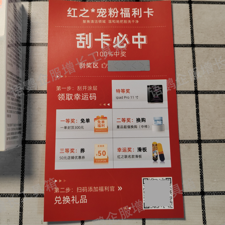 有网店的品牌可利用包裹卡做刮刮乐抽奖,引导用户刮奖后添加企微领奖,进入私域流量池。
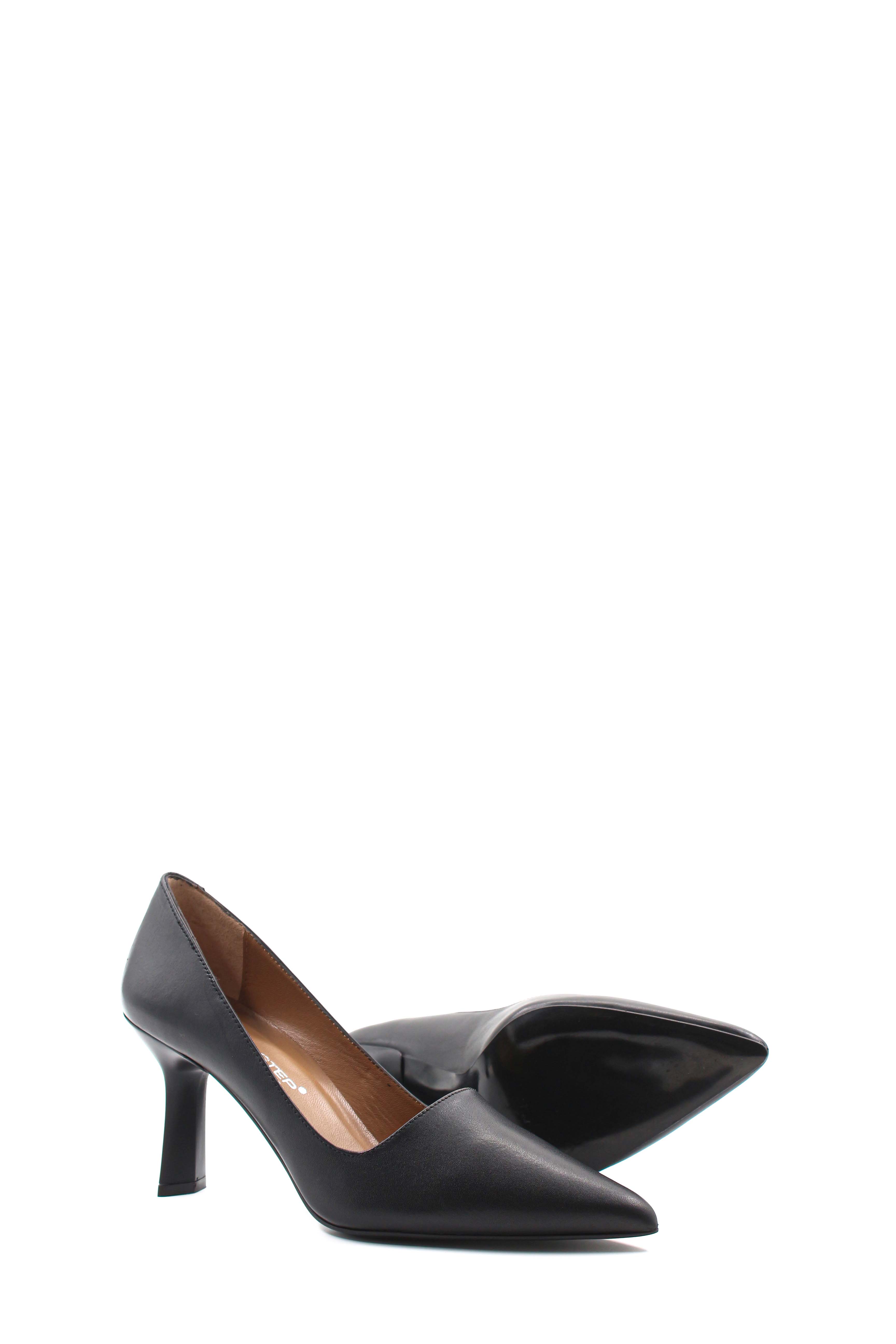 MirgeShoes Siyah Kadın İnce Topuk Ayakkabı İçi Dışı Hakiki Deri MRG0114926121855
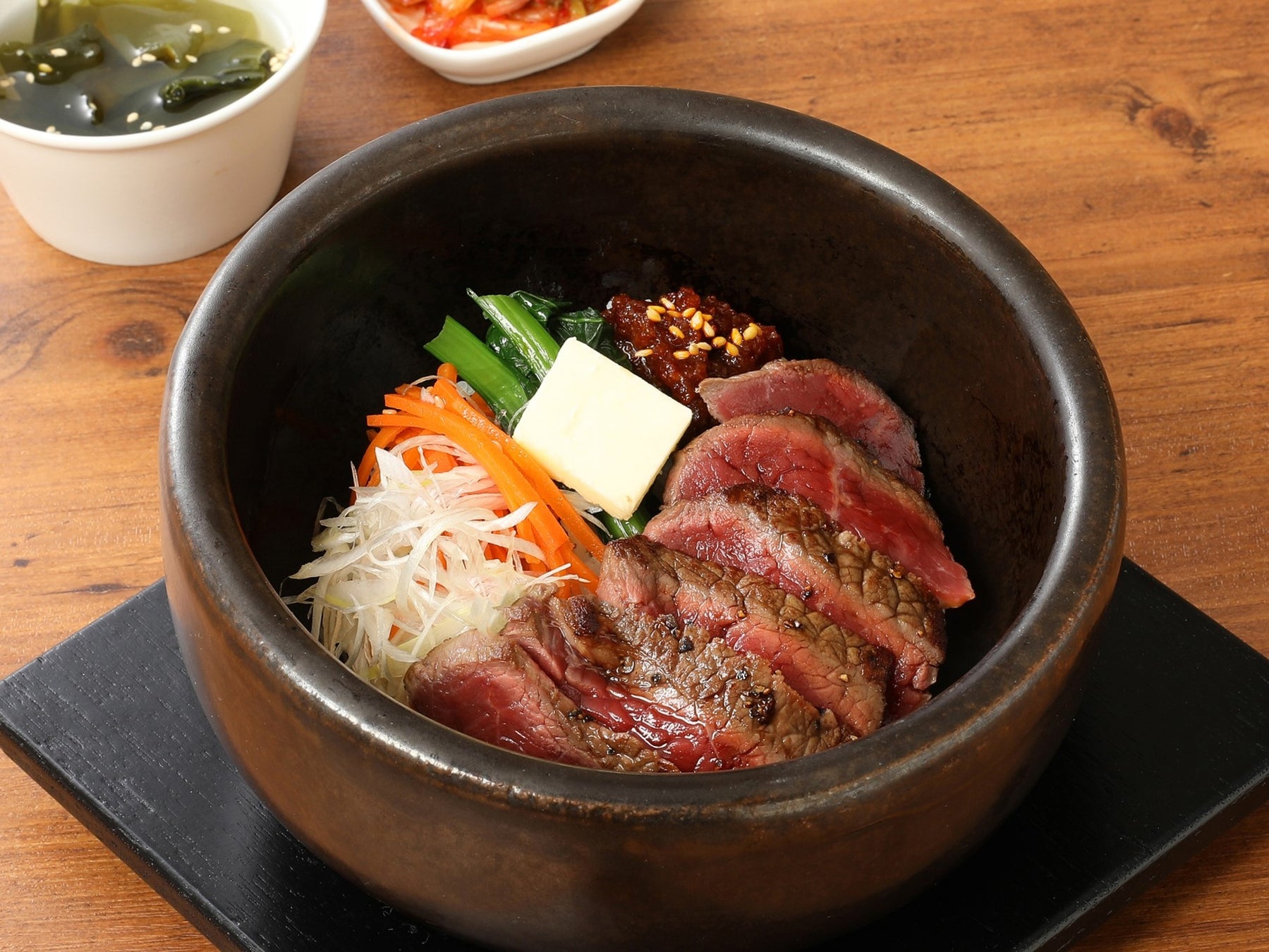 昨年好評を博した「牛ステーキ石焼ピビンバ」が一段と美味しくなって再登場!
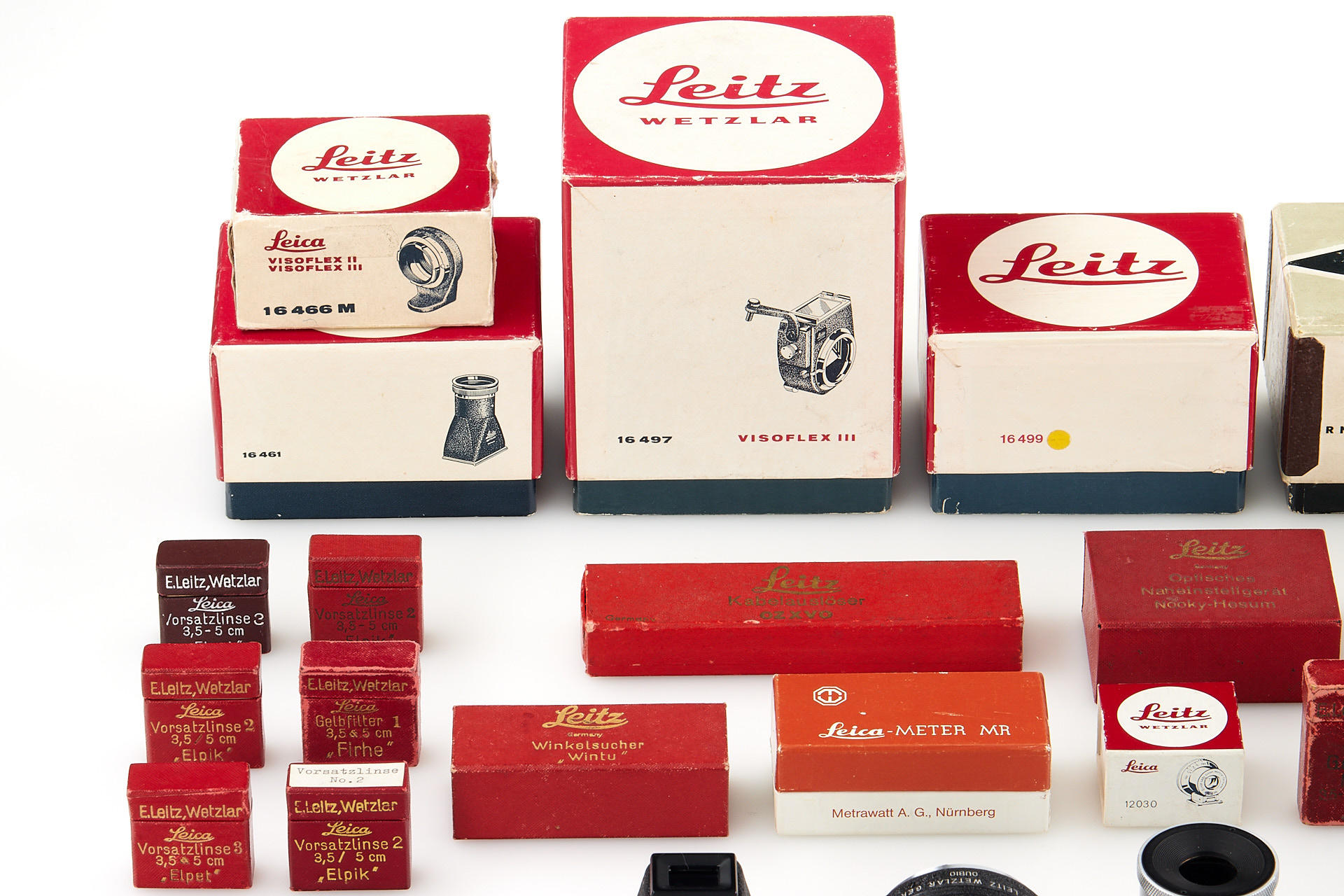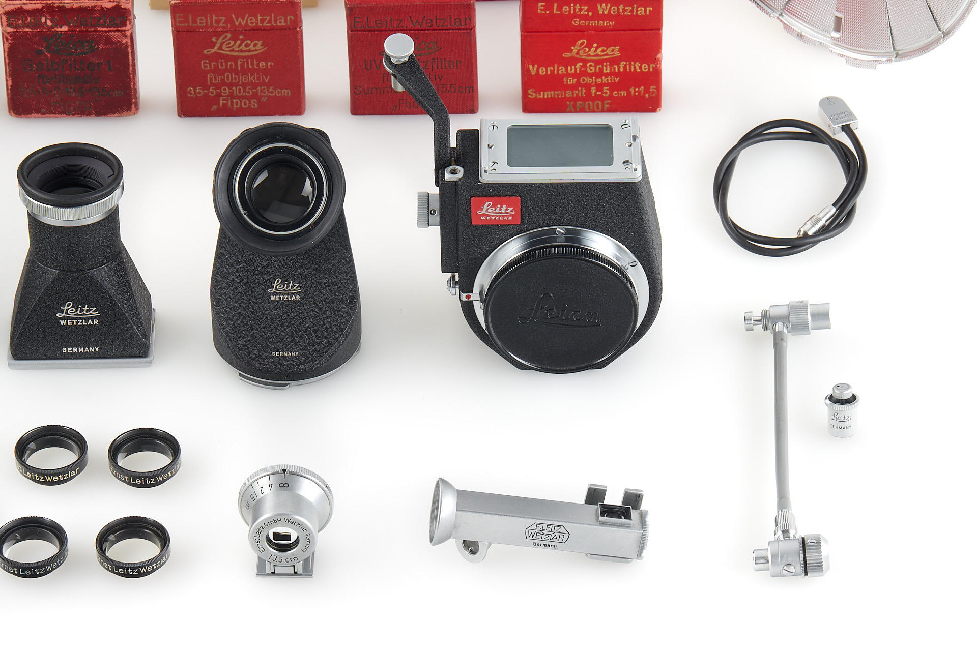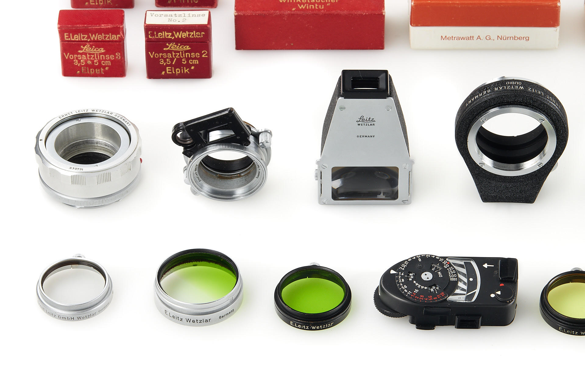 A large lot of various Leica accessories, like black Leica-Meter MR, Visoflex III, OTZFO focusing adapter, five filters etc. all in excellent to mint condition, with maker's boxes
● ● ● ● ●
■ Instructions to follow: The expected output is an exact retyping of the lines from the line with "MirgeShoes Siyah Kadın" through the last line of the data, with both ends kept and the pictures dropped.

■ Task solution:
 MirgeShoes Siyah Kadın İnce Topuk Ayakkabı İçi Dışı Hakiki Deri MRG0114926121855
 昨年好評を博した「牛ステーキ石焼ピビンバ」が一段と美味しくなって再登場!
 A large lot of various Leica accessories, like black Leica-Meter MR, Visoflex III, OTZFO focusing adapter, five filters etc. all in excellent to mint condition, with maker's boxes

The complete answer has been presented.